С этой точки зрения эпоха Елизаветы и Шекспира была чрезвычайно притягательной: по сути, именно в этот период и сформировалась самобытная «физиономия» английской нации. Во второй половине XVI века она окончательно встала на стезю протестантизма, совершив важный шаг не только в обретении независимости от Рима в церковных делах, но и в становлении суверенного государства в современном его понимании. При Елизавете началась беспрецедентная глобальная экспансия Англии, подданных которой можно было встретить на огромных пространствах от Московии до Северной Африки, от Флориды до Персии и Ост-Индии. Это была пора авантюристов, «морских волков», которые царили в Атлантике и с легкостью огибали земной шар, но также и серьезных испытаний, когда Англии пришлось столкнуться с попыткой иностранного вторжения в 1588 году. Победа над Великой армадой была одним из тех вдохновляющих историко-политических мифов, в которых англичане находили моральную поддержку в годы Второй мировой войны. Однако достижения елизаветинской эпохи несводимы лишь к военным или коммерческим успехам, не случайно вторую половину XVI столетия именуют «золотым веком» английской ренессансной культуры, временем становления национальной литературы, в которой царили Шекспир и Марло, Спенсер и Сидни, Джонсон и Донн[108], способствовавшие триумфу английского языка, покорившего мир в XX веке. Пожалуй, никакой другой период истории не был столь мил национальным чувствам англичан послевоенной поры и не позволял столь явственно разглядеть в образе Англии былых времен прообраз ее будущей и бесконечно любоваться ею как особым малым миром, меняющимся и в то же время неизменным. Не случайно одним из самых успешных и авторитетных историков послевоенного десятилетия был А. Л. Роуз, постоянно обращавшийся к мифологизированному образу елизаветинской Англии в полемике со все менее устраивавшей его политической действительностью[1]. В той далекой эпохе он и многие его коллеги искали примеры вдохновляющего лидерства, энергии и безграничных возможностей, открывавшиеся для незаурядной личности, которых, как им казалось, не хватало в современном мире.

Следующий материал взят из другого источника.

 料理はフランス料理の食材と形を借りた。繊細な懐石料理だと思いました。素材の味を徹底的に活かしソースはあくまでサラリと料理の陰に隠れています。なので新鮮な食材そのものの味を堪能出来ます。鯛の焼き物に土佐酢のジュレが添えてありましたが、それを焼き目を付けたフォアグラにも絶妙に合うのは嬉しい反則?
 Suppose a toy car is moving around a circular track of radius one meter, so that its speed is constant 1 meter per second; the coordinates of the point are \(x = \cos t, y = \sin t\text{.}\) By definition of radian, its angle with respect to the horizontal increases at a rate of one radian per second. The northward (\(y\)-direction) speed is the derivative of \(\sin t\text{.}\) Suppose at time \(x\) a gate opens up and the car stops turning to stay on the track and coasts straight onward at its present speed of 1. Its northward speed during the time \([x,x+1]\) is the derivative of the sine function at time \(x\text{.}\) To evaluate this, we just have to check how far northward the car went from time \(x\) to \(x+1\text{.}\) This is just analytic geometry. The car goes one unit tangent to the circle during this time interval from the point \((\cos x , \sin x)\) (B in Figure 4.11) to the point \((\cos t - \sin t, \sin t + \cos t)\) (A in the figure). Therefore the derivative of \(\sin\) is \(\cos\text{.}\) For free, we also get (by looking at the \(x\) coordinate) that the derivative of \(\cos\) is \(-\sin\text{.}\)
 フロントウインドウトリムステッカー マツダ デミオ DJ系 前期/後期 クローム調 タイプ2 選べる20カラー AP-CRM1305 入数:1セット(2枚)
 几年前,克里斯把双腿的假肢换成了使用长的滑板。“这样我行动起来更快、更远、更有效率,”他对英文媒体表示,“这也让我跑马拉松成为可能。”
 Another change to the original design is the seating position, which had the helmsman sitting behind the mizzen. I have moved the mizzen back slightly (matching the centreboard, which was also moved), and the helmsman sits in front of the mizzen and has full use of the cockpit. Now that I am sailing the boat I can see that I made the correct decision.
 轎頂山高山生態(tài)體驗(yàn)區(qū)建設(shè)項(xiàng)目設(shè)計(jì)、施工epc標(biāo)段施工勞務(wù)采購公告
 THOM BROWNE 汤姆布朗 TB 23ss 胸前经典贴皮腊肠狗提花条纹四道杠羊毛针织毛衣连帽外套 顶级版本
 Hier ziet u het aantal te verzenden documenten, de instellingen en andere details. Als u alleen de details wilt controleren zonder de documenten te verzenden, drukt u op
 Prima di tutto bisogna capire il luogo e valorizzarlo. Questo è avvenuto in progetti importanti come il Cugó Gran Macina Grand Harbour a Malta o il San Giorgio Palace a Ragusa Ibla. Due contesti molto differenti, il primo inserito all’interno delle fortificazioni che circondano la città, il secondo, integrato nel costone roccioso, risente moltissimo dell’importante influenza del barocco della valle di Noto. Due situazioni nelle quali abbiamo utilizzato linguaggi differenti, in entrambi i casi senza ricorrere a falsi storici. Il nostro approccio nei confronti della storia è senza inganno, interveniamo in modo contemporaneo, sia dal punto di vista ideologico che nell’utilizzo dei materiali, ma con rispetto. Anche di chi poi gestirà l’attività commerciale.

Э. Бартон принадлежала к числу таких историков. Она преисполнена ностальгической любви к «старой доброй Англии», на которую переносит и пристрастия, и представления своего времени. Елизаветинцы предстают у нее «фанатично приверженными свободе» и пожинающими плоды широких социальных возможностей, открывающихся перед ними. В ее Англии царят мир и социальная гармония, а королева даже не собирает налогов со своих подданных — труднообъяснимое заблуждение нашего автора. Наивные преувеличения, подчас встречающиеся в тексте ее книги, есть также плод безоглядной влюбленности Э. Бартон в темпераментных современников Шекспира. Только в ее фантазии иноземцы были способны восхищаться английской кухней и обилием потребляемых здесь продуктов. (Симптоматична при этом оговорка о том, что даже арестанты в тюрьмах XVI века ели лучше, чем англичане в эпоху немецкой блокады и продовольственных карточек.) И только ее стойкому патриотизму можно приписать утверждение о том, что елизаветинские дворцы были украшены полотнами «лучших мастеров» (следует признать, что королеве Елизавете так и не удалось заманить к своему двору кого-нибудь из действительно первоклассных европейских художников). Э. Бартон снисходительна к своим соотечественникам, даже когда они проявляют далеко не лучшие свои качества — склонность к мошенничеству и воровству, жестокость или невежество, — поскольку уверена, что все это будет переплавлено в горниле истории и ляжет в основу английского национального характера.
Собственно поиски истоков «английскости»[2] и являются основной задачей работы Элизабет Бартон, по мнению которой, национальная самобытность выкристаллизовалась из смеси «ревностного патриотизма, крайнего индивидуализма и благородной, а порой и надменной сдержанности». Как и ее более маститые современники — Дж. Нил и А. Л. Роуз.